As used herein, the term “integrated circuit,” can generally refer to a set of electronic circuits. For example, and without limitation, an integrated circuit can be configured as a chip, microchip, and/or microelectronic circuit of communicatively coupled circuit elements in one or more semiconductor wafers. In this context, example circuit elements can correspond to resistors, capacitors, diodes, transistors, etc. Example circuit elements can be one or more logic transistors, one or more analog devices, and/or one or more features sets (e.g., static random access memory, fuses, temperature sensors, etc.). Furthermore, examples of integrated circuits can include central processing units (CPUs), graphics processing units (GPUs), accelerator processing units (APUs), neural network processors (NNPs), application-specific integrated circuits (ASICs), and the like. Integrated circuits can include a variety of computing regions.
In some embodiments, an integrated circuit can use an out-of-order execution (OoOE) scheme, sometimes referred to as dynamic execution. OoOE schemes allow processors to execute instructions in a different order than what is explicitly specified by a given program, so long as the final result is not affected by performing the operations out of program order. Such an execution paradigm can more efficiently utilize processor cycles by allowing instructions that can be run immediately and independently to be processed during processor time that would otherwise be wasted. Operations that have been issued to a processer under an OoOE or dynamic execution scheme but not yet finalized (e.g., resolved in a completion buffer according to program order) are referred to as “in-flight operations”.
The term “computing region” as used herein can refer to any portion or component of an integrated circuit that is designed to perform a specific computational function. Some examples of computing regions include arithmetic logic units (ALUs), floating point units (FPUs), and the like.
The term “retirement register,” also referred to as a “retirement queue,” as used herein refers to a component of an integrated circuit designed and intended to store information that tracks outputs of computing regions (i.e., the results of speculatively executed operations) before those outputs are considered fully complete and committed to memory, i.e., “retired”. These registers help the integrated circuit output results in program order, or the order that the integrated circuit received instructions to perform calculations, by storing operations that are “in-flight”, i.e., fully calculated but not yet committed to memory. In some examples, a retirement register can hold a fixed number of entries and can allocate a specific amount of storage space to each entry. For example, a retirement register can be configured to store 64 entries of 64 bits each. Retirement registers can be situated within an integrated circuit in proximity to (e.g., adjacent to) or within their associated computing regions.

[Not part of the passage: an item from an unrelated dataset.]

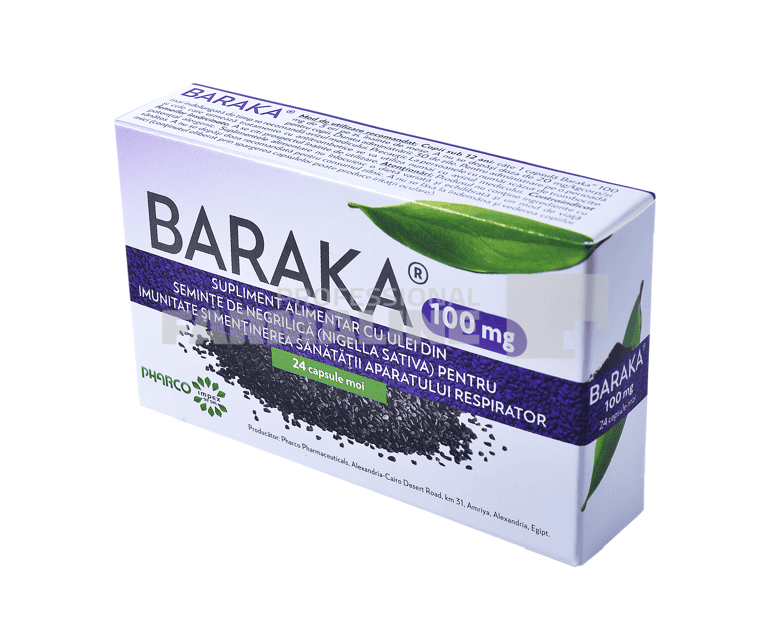 DescriereBaraka contine uleiul obtinut din presarea semintelor de Nigella sativa (chimen negru), o planta cu o larga raspandire in bazinul mediteranean si amintita din antichitate pentru proprietatile sale curative.Uleiul semintelor de chimen negru contine acizi grasi saturati si nesaturati, uleiuri volatile, vitamine, aminoacizi, enzime si saruri minerale, saponine si nigellone (substante specifice plantei Nigella sativa).Baraka (ulei de chimen negru) este folosit in mod traditional pentru a creste capacitatea de aparare a organismului fata de boli atat la copii cat si la adulti.Baraka este un supliment benefic persoanelor cu tuse persistenta, restanta dupa raceli sau viroze si persoanelor cu o sensibilitate pronuntata a aparatului respirator si care racesc frecvent, precum si la astmatici si fumatori.Prin componentele antioxidante, calmante si nutritive din uleiul de chimen negru, Baraka asigura un suport optim pentru cresterea imunitatii la copii si adulti si calmeaza tusea iritativa.CompozitieUleiul semintelor de chimen negru contine acizi grasi saturati si nesaturati, ulei volatil, vitamine, enzime si saruri minerale, saponine si nigelone (substante specifice plantei Nigella sativa).Modde administrarePentru cresterea capacitatii de aparare anti-infectioasa si ca antioxidant: 3-4 capsule pe zi continuu timp de o luna sau in cure periodice de 10 zile pe luna, 3-6 luni consecutiv;Ca antitusiv:3 capsule pe zi, 5-7 zile.ProducatorPharcoModde prezentareCutie cu 24 capsule moi

The entries stored in a retirement register can include a variety of information designed to ensure that the integrated circuit can correctly retire results of calculations and/or perform flush recovery from the memory. For example, an entry can include any relevant information related to the execution and resolution of an in-flight operation, such as mappings from logical to physical data registers, cache addresses of calculation results, operational dependencies (e.g., input operands to the in-flight operation and/or operations that depend on the result of the in-flight operation), and/or any other necessary information required to properly retire the operation. When an operation is retired, the operation is considered fully executed and the results of the operation are made visible to other components of the associated computing system as though the operation were executed in program order, i.e., the order in which instructions were sent to the integrated circuit. Once this occurs, the retirement entries associated with the operation are removed from the retirement queue. As described herein, certain retirement registers can store entries related to only a single data type. For example, some retirement registers may only include entries related to calculations performed by a floating point logic unit.
In the examples described herein, some retirement registers might only store entries related to a single type of data. For example, if computing regionrepresents a floating point logic unit, retirement registermight only store entries that track results of floating point operations. As will be described in greater detail below with respect to, the retirement register can also include queue mappings that map entries in one retirement register or retirement queue to overall retirement queue positions.
As described above, example systemcan include one or more memory devices, such as memory. Memorygenerally represents any type or form of volatile or non-volatile storage device or medium capable of storing data and/or computer-readable instructions. Examples of memoryinclude, without limitation, Random Access Memory (RAM), Read Only Memory (ROM), flash memory, Hard Disk Drives (HDDs), Solid-State Drives (SSDs), optical disk drives, caches, variations or combinations of one or more of the same, or any other suitable storage memory. Additionally or alternatively, memorycan represent a cache or other local memory of the integrated circuit. In some examples, integrated circuitcan commit results of operations performed by computing regionsandto memory.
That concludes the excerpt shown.